Princess Chrissy said, “Tell me about your dragons.”

“There aren’t any dragons.”

“What about witches?”

“Nope. No witches.”

“Then tell me about your wizards.”

“No wizards.”

He saw she was unhappy with him. He was a bad conversationalist. Bad. Pathetic. Despicable. Horrendous.

Think. Think. Salvage the moment. Put the burden of conversation on her. “Your father, he’s the king of Montana. How many heads has he chopped off?”

“Silly. He doesn’t chop off heads.”

“Some kings do,” Jocko said.

“No, they don’t.”

“Some do. And torture people in dungeons.”

“No, they don’t.”

“They rip out your fingernails.”

“What’s wrong with you?” Princess Chrissy asked.

“Jocko’s just saying. Like in the history books. They brand you with hot irons and stick needles in your tongue.”

“You have yellow eyes,” Princess Chrissy said.

Now confidently holding up his end of the conversation, pleased to discover his social skills improving so rapidly, Jocko said, “They put you on this thing they call the rack, and they stretch your body until your joints pull apart.”

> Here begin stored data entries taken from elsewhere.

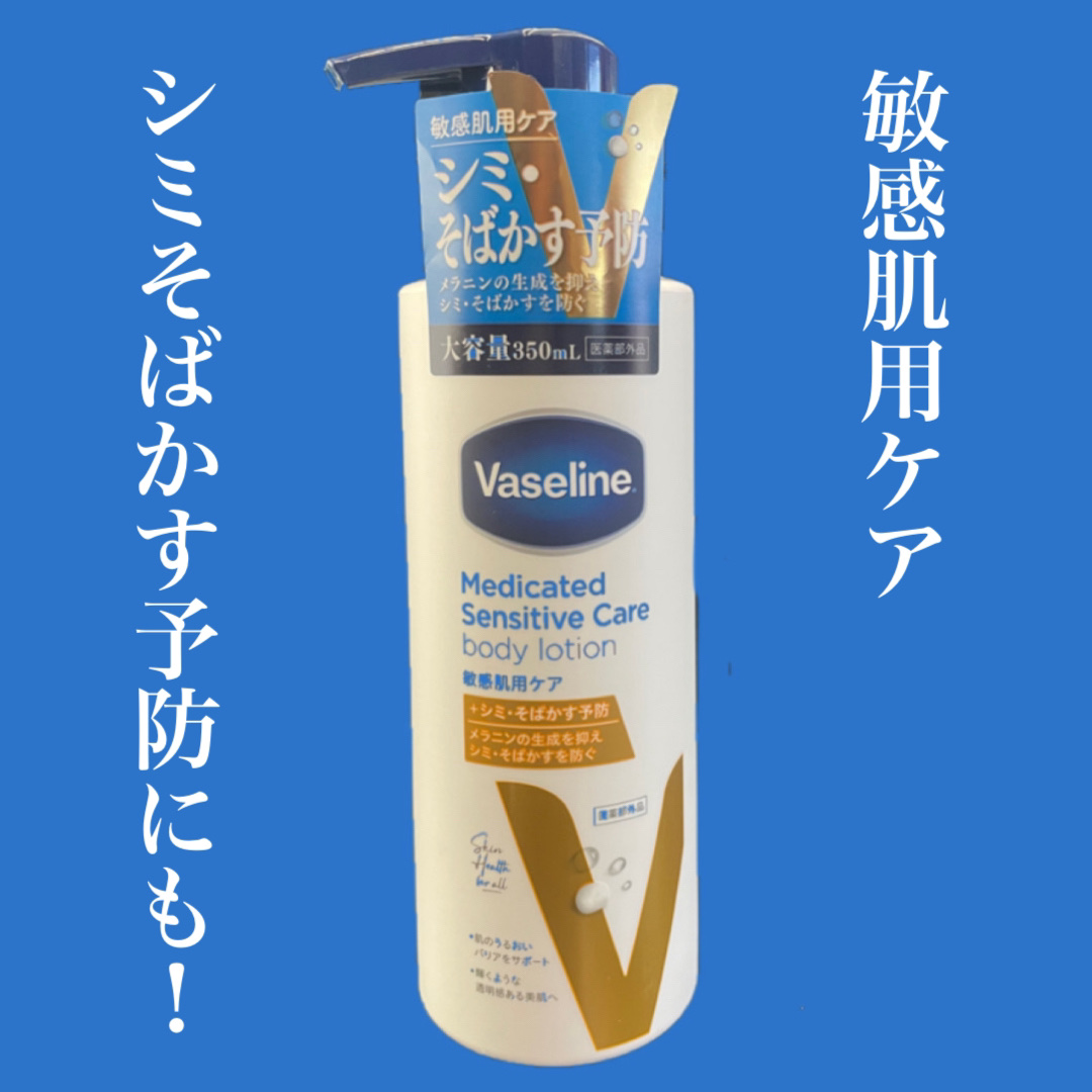 【使った商品】ヴァセリンメディケイティッドセンシティブケアボディローション美肌ケア【商品の特徴】敏感肌の為の薬用ボディローションプラセンタとニコチン酸アミドで穏やかな美白効果が期待できそう保湿成分も3種のヒアルロン酸と3種のセラミド配合で頼も...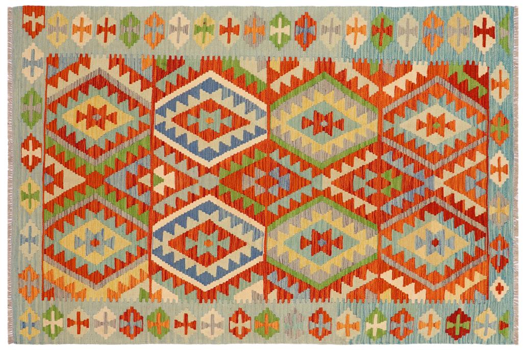 Elevate the elegance of your home with this stunning hand-woven tribal Kilim wool rug. Meticulously crafted on a loom by the Nomad Turkman people using hand-spun wool and 100% natural vegetable dyes, these rugs are recognized for their repetitive geometric patterns, incorporating naturalistic floral and traditional designs. The contemporary fashion palette results in bold, sharp patterns that are incredibly versatile, as the pattern is the same on both sides. These reversible rugs feature a lighter shade on one side and brighter colors on the other, providing versatility according to preference. These unique rugs are made by knotting short strands of different colors onto the warps and securing them by tightly pressing the wefts. The designs are created by interweaving the various colored wefts and warps. Kilims are known for their exceptional durability and versatility, making them truly unique rugs.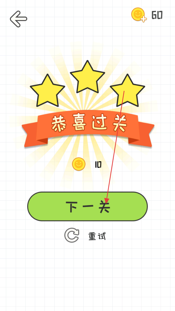 3、通关后获金币、星星奖励,点击“下一关”挑战新谜题,利用道具(好友求助、提示)突破难关。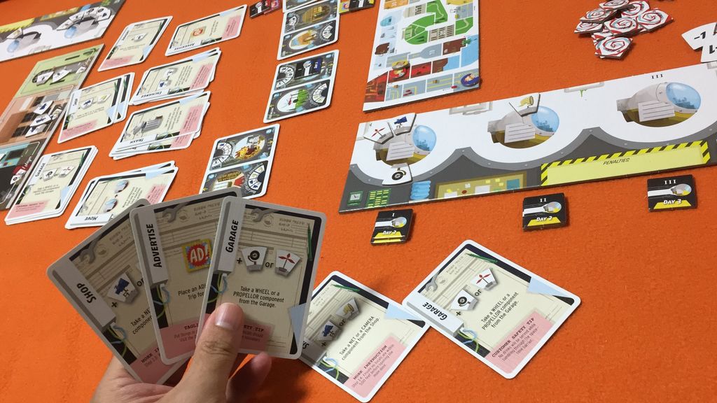 手番では、場のカード(7種類)から1枚取り、場合によっては対応するパーツを取り、タイムマシンに付けます。1ラウンド目は1台、2ラウンド目は合計2台、3ラウンド目は合計3台使え、パーツは繰り越しされていきます。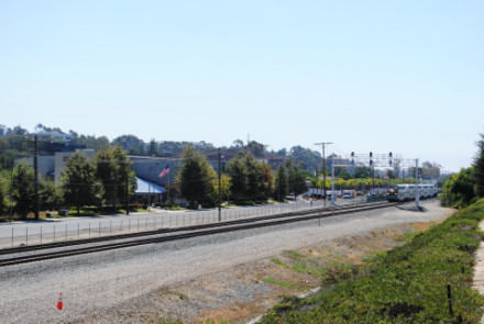 A few minutes later, Pacific Surfliner 763 bound for Los Angeles came by our location. We returned to the car and drove east of Los Alisos Boulevard, turned right on Jeronimo Road and after crossing Alicia Parkway, turned right into the Gateway Shopping Plaza and parked. We walked out onto the Alicia Parkway bridge over Metrolink's San Diego Subdivision. A phone call to Amtrak told us that Pacific Surfliner 564 was cancelled, as was Pacific Surfliner 573 so we set up for Pacific Surfliner 565.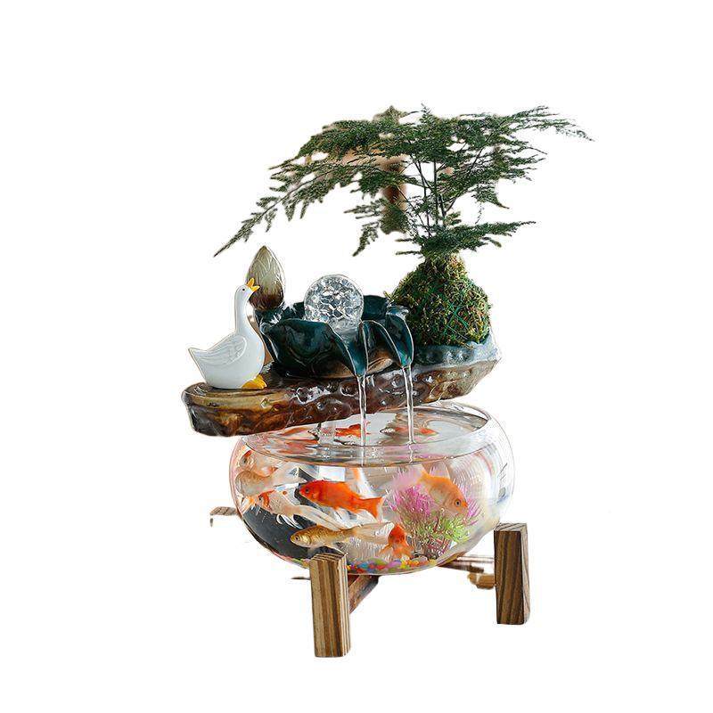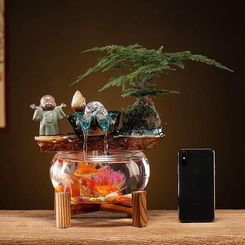 循环流水生玻公璃鱼缸家居客电视柜装饰财办厅Ca/PcFd3室招财摆件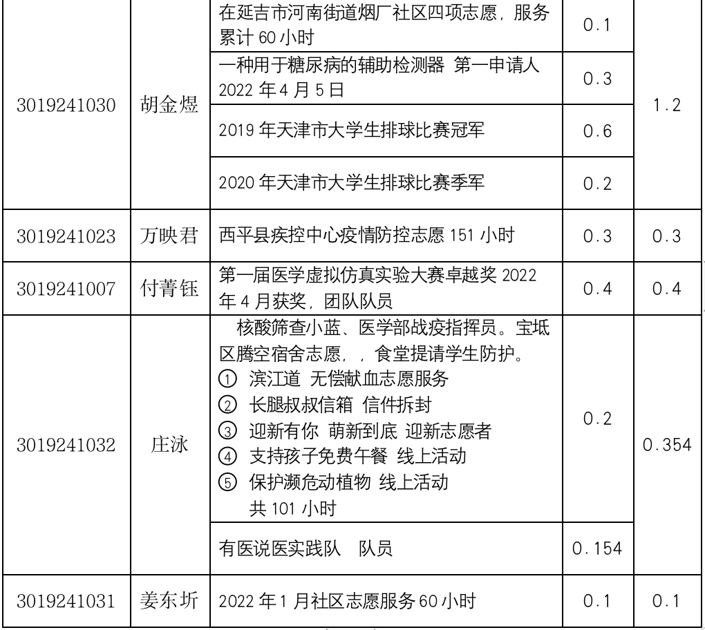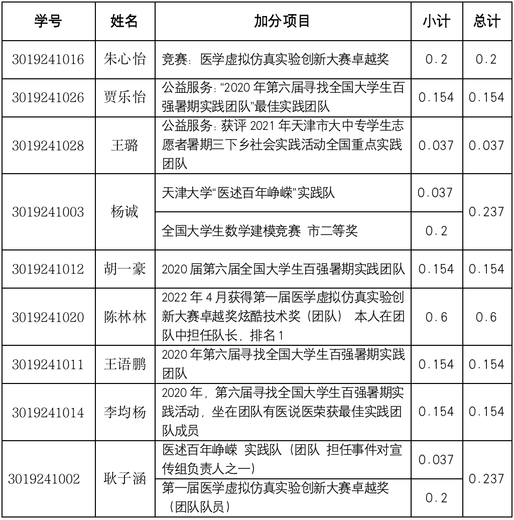 根据《天津大学医学部智能医学工程专业本研贯通计划2023年应届毕业生推荐选拔工作实施细则》,经学部推荐选拔工作小组审核、组织答辩,现将2019级(2023届)天津大学医学部智能医学工程专业本研贯通计划优秀加分结果公示如下: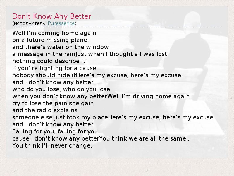 Well I'm coming home again on a future missing plane and there's water on the window a message in the rainJust when I thought all was lost nothing could describe it If you' re fighting for a cause nobody should hide itHere's my excuse, here's my excuse and I don't know any better who do you lose, who do you lose when you don't know any betterWell I'm driving home again try to lose the pain she gain and the radio explains someone else just took my placeHere's my excuse, here's my excuse and I don't know any better Falling for you, falling for you cause I don't know any betterYou think we are all the same.. You think I'll never change..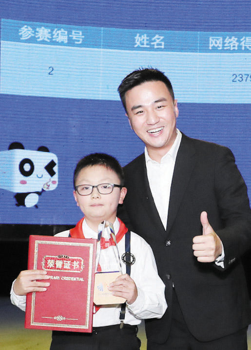 国家一级播音员、四川电视台十佳节目主持人田川与少年组最具人气奖获得者合影
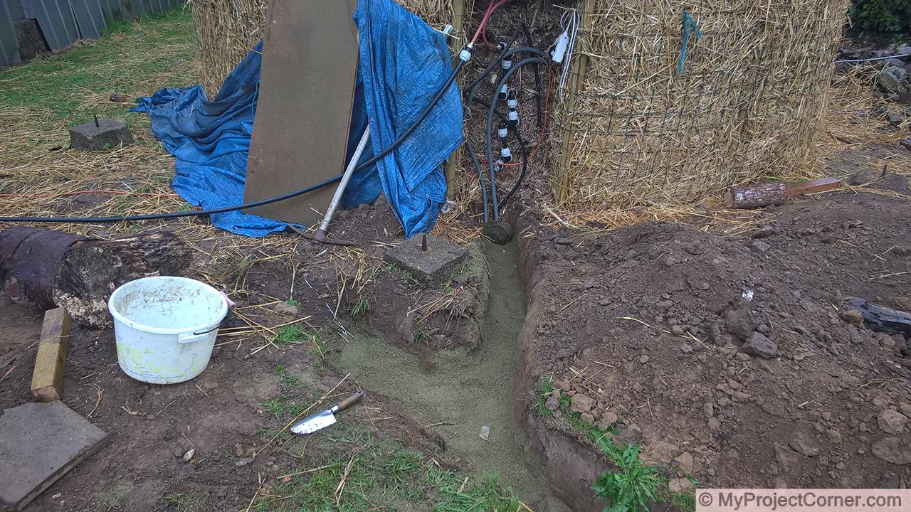 Y enterré las tuberías de suministro y retorno de agua (en un tubo aislado) en el fondo de una zanja, y también hice funcionar la red eléctrica y un cable de cat5 a la pila (para el Raspberry Pi).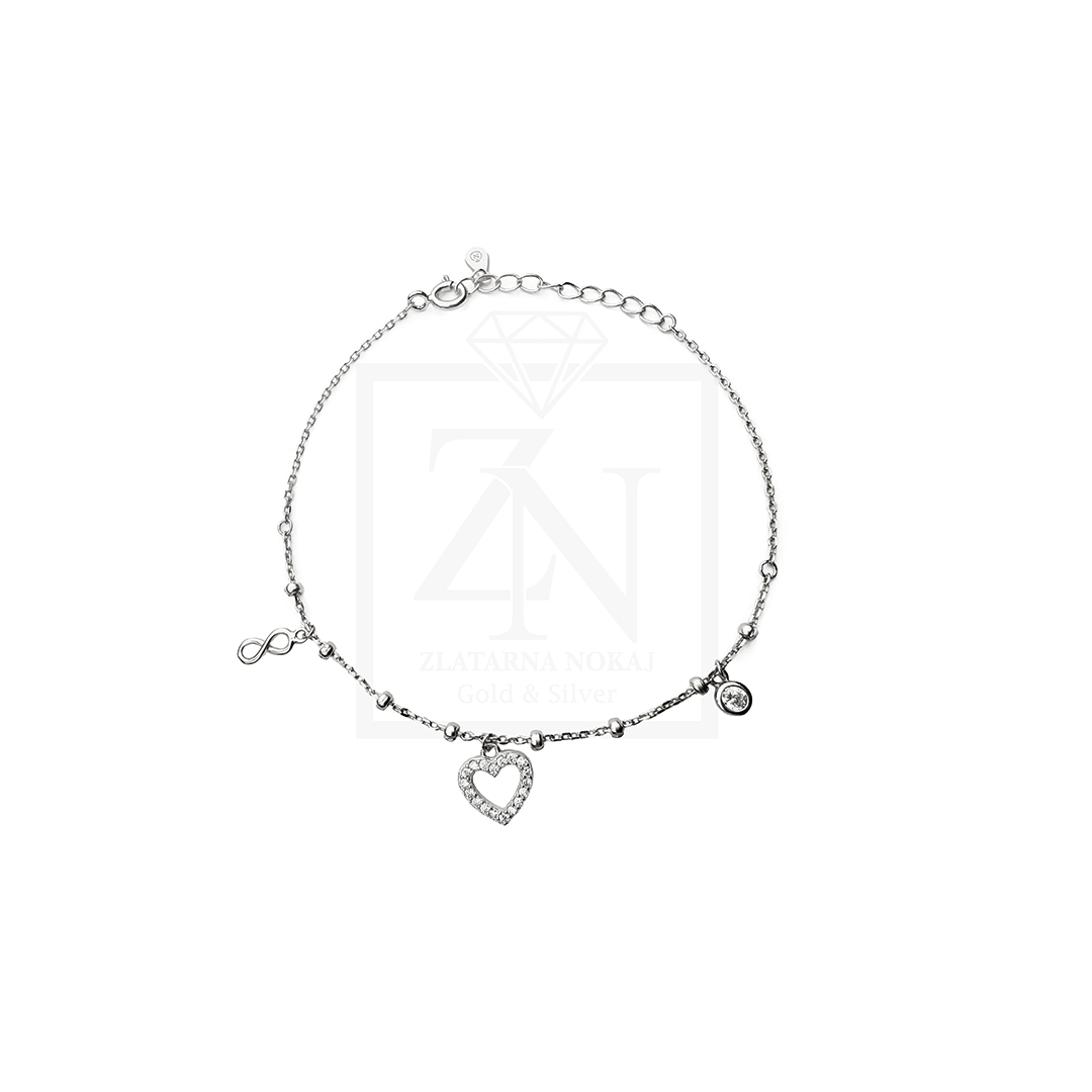Dimenzije privjeska: srce 0,8 cm x 0,7 cm cirkon 0,3 cm infinity 0,1 cm x 0,4 cm

“You got scary eyes,” Princess Chrissy said.

From her armchair by the fireplace, Erika said, “Did you know that some angels have yellow eyes, golden eyes?”

“They do?” Chrissy and Jocko asked simultaneously.

“Did you know that angels have to know how to wrestle because they’re always wrestling devils?”

“Is Buster Steelhammer an angel?” Princess Chrissy asked.

“He’s too bad-ass to be an angel,” Jocko decided.

Outside, the growl of an engine rose, like a truck pulling into their driveway.

Putting aside her book, rising from her chair, Erika said, “Why don’t you talk about angels, just angels, while I see who that is.”

“It probably isn’t angels,” Chrissy said. “Angels fly, they don’t need trucks.”

Erika said, “That’s why I keep a semiauto shotgun handy, sweetheart.”

Chapter 43

In the interest of efficiency, a Communitarian needed to adapt to setbacks whenever they occurred. With the urgent need to finish bringing more order to the disordered barn and thus do her part to destroy humankind, Nancy Potter used the push broom as a crutch and hobbled into the tack room at the back of the barn.